**Recorded data:**
Start of Block
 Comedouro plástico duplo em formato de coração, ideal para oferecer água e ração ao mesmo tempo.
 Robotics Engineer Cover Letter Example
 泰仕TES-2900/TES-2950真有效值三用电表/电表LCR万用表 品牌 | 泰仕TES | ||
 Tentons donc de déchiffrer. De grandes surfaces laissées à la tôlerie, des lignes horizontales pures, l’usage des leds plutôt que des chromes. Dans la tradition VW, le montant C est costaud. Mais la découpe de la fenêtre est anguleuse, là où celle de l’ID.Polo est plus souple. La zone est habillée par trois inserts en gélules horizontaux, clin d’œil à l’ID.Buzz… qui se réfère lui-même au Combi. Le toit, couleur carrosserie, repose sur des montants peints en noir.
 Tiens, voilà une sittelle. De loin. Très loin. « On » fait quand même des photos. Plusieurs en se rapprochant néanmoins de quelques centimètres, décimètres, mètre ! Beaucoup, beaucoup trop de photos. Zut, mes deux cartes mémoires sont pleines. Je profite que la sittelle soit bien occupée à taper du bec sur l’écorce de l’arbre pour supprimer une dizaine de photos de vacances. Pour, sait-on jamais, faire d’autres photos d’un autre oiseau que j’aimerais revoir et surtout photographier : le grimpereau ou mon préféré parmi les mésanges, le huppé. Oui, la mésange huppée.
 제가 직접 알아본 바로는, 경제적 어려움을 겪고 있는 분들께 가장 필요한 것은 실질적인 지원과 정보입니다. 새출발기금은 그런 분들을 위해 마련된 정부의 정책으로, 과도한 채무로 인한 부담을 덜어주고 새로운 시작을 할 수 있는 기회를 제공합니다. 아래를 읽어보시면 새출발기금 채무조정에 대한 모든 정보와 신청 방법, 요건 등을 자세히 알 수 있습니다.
End of Block
Start of Block
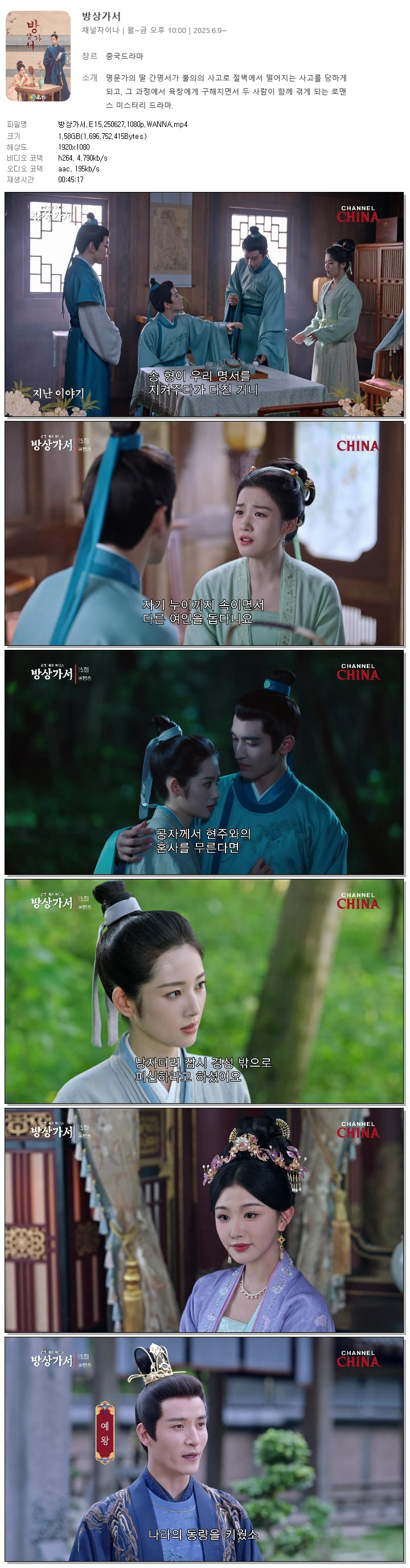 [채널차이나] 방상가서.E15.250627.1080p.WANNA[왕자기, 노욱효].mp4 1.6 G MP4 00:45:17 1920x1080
End of Block
Start of Block
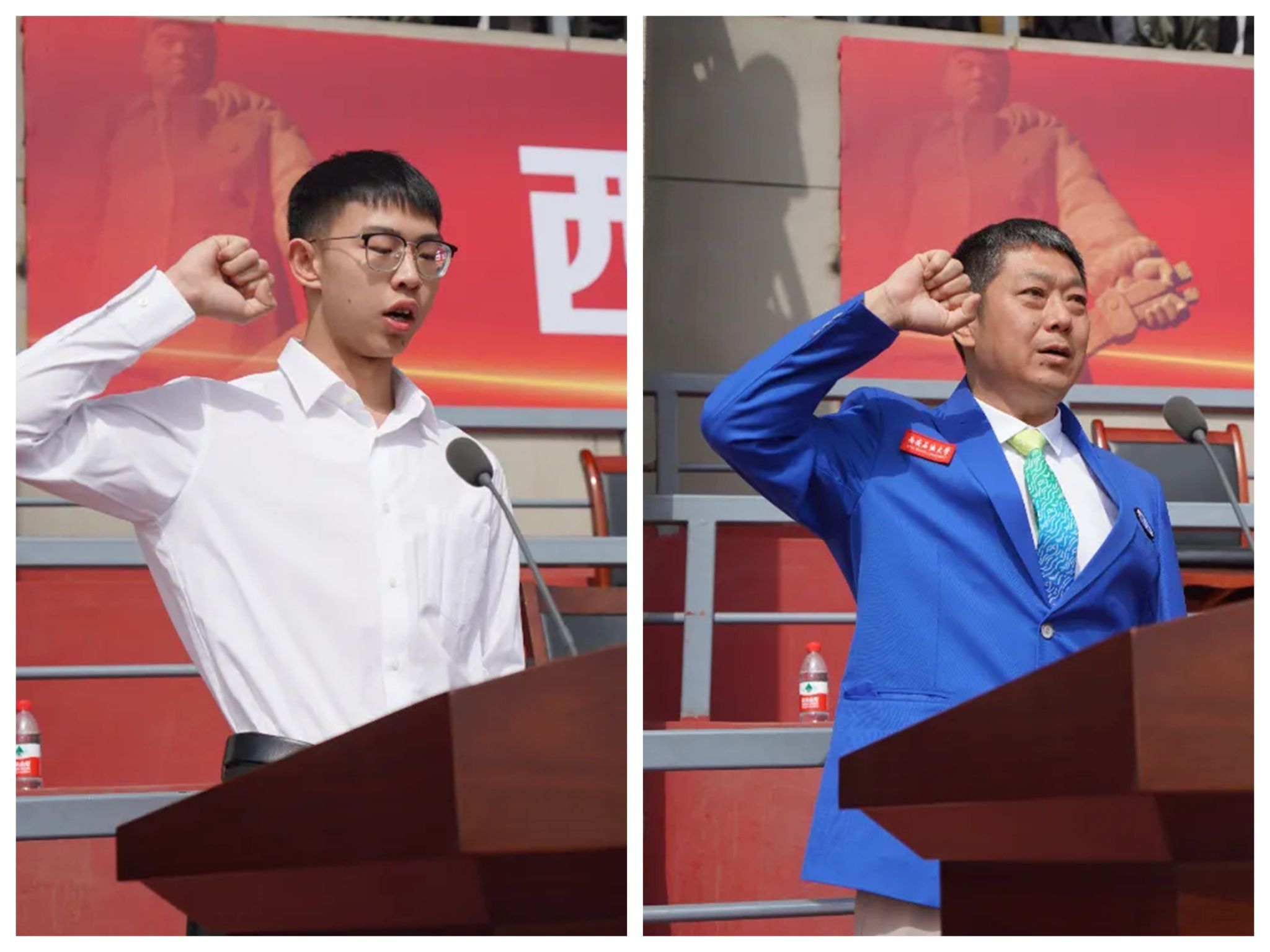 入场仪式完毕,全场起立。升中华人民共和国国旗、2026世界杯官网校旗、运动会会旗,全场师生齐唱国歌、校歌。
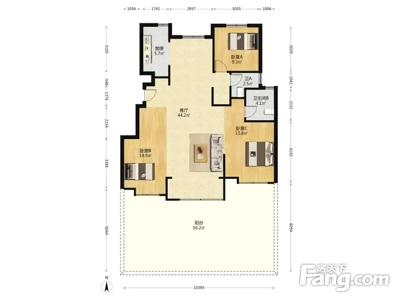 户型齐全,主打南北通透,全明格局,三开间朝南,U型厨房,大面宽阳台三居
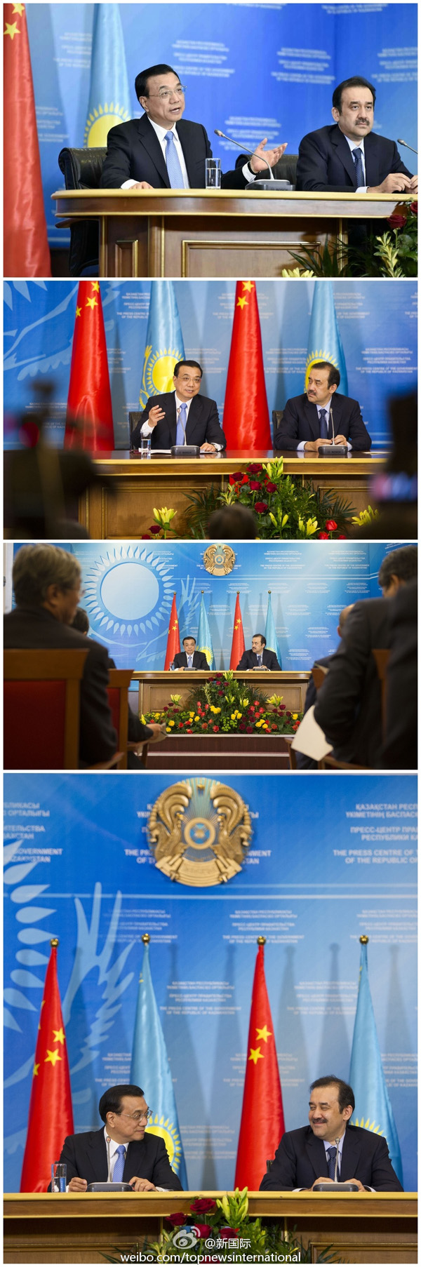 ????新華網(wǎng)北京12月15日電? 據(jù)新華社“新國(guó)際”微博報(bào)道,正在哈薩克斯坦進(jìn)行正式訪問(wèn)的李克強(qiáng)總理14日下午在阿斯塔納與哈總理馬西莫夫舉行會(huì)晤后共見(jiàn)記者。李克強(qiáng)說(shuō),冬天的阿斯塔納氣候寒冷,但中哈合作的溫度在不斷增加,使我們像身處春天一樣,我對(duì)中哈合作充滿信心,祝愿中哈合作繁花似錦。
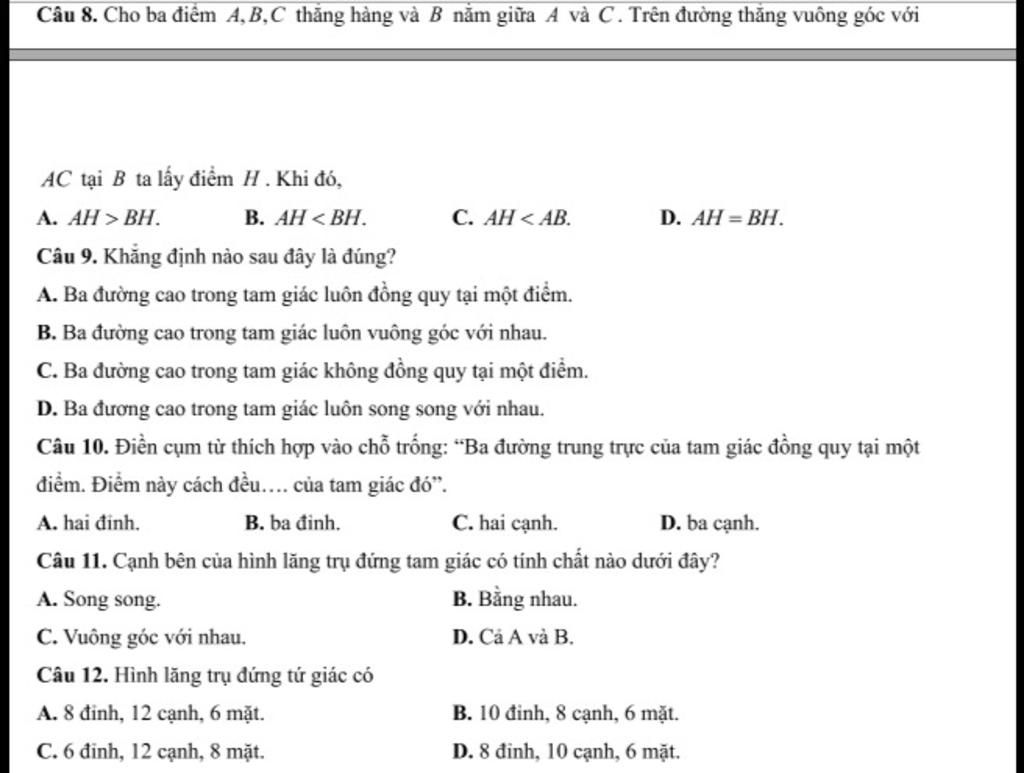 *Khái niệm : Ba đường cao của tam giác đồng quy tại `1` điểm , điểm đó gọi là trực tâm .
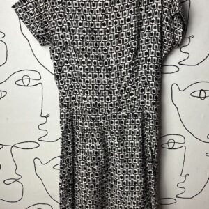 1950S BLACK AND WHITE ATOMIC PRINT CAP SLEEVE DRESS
End of Block
**Task description:** Only the lines above from the line containing "泰仕TES-2900/TES-2950真有效值三用电表/电表LCR万用表 品牌 |" through the line containing "제가 직접 알아본 바로는, 경제적" should be retyped, exactly and with both ends included.

**Exercise response:**
 泰仕TES-2900/TES-2950真有效值三用电表/电表LCR万用表 品牌 | 泰仕TES | ||
 Tentons donc de déchiffrer. De grandes surfaces laissées à la tôlerie, des lignes horizontales pures, l’usage des leds plutôt que des chromes. Dans la tradition VW, le montant C est costaud. Mais la découpe de la fenêtre est anguleuse, là où celle de l’ID.Polo est plus souple. La zone est habillée par trois inserts en gélules horizontaux, clin d’œil à l’ID.Buzz… qui se réfère lui-même au Combi. Le toit, couleur carrosserie, repose sur des montants peints en noir.
 Tiens, voilà une sittelle. De loin. Très loin. « On » fait quand même des photos. Plusieurs en se rapprochant néanmoins de quelques centimètres, décimètres, mètre ! Beaucoup, beaucoup trop de photos. Zut, mes deux cartes mémoires sont pleines. Je profite que la sittelle soit bien occupée à taper du bec sur l’écorce de l’arbre pour supprimer une dizaine de photos de vacances. Pour, sait-on jamais, faire d’autres photos d’un autre oiseau que j’aimerais revoir et surtout photographier : le grimpereau ou mon préféré parmi les mésanges, le huppé. Oui, la mésange huppée.
 제가 직접 알아본 바로는, 경제적 어려움을 겪고 있는 분들께 가장 필요한 것은 실질적인 지원과 정보입니다. 새출발기금은 그런 분들을 위해 마련된 정부의 정책으로, 과도한 채무로 인한 부담을 덜어주고 새로운 시작을 할 수 있는 기회를 제공합니다. 아래를 읽어보시면 새출발기금 채무조정에 대한 모든 정보와 신청 방법, 요건 등을 자세히 알 수 있습니다.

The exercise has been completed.